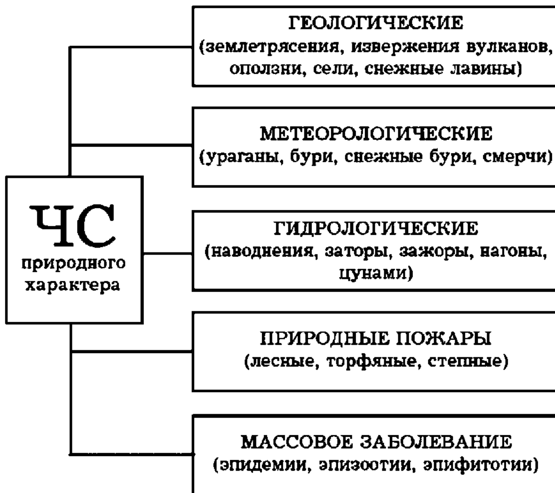
Рис. 1. Классификация ЧС природного характера

Различают природные (рис. 1), техногенные (рис. 2) и экологические (рис. 3) ЧС.
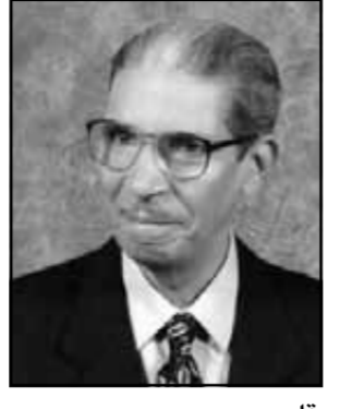
بـقلم: يعقوب الشاروني رائد أدب الأطفال yaocoubsharouny@yahoo.com

(١) : إجابة إبداعية: سؤال المدرس تلميذه: «ما هو محور الأرض؟» أجاب التلميذ: «محور الأرض هو خط خيالي، يمر من أحد القطبين إلى قلب الأرض الآخر، وحوله تدور الأرض حول نفسها.» وجد المدرس أن التلميذ كان يجب أن يقول إنه «خط خيالي» وليس «خطاً خيالياً»، لذلك عاد ويسأله في شيء، من السخرية: «هل يمكنك تعليق سلاسل على هذا الخيط؟» في سرعة إجاب التلميذ: «نعم يا أستاذ.» وفي دهشة بالغة سأل المدرس: «حسباً! وأي نوع من الملابس؟» أجاب التلميذ في ثقة: «ملابس خيالية يا أستاذ!!» (٢) : إبداع وتجديد في عالم المسابقات ١٤٠٠ كاتب وكاتبة اشتركوا في مسابقة قومية كبرى لكتابة الرواية والقصة للأطفال، كتبوا عن الغابات التي لا توجد في مصر ولا في معظم أنحاء الوطن العربي، وقيل منهم كتب عن الريف الذي هو معظم أرض مصر المعروفة، ولم يكتب أحد عن الصحراء التي تغطي ٧٦٪ من أرض مصر. لهم كتبوا قصصهم ورواياتهم عن طريق كلمات على الورق، التاد منها متميز جداً، وقيل جيد، وكثير يحتاج إلى التمثل حتى تصنع الروبة. ولكن
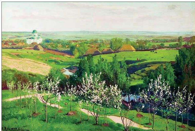
Серебряные пруды. 1891

────────────────────

* **Task prompt**
Each line from the first line of the material above through the line containing "بـقلم: يعقوب الشاروني" is to be reproduced exactly, with both ends kept and pictures left out.

* **Written solution**
Рис. 1. Классификация ЧС природного характера

Различают природные (рис. 1), техногенные (рис. 2) и экологические (рис. 3) ЧС.
بـقلم: يعقوب الشاروني رائد أدب الأطفال yaocoubsharouny@yahoo.com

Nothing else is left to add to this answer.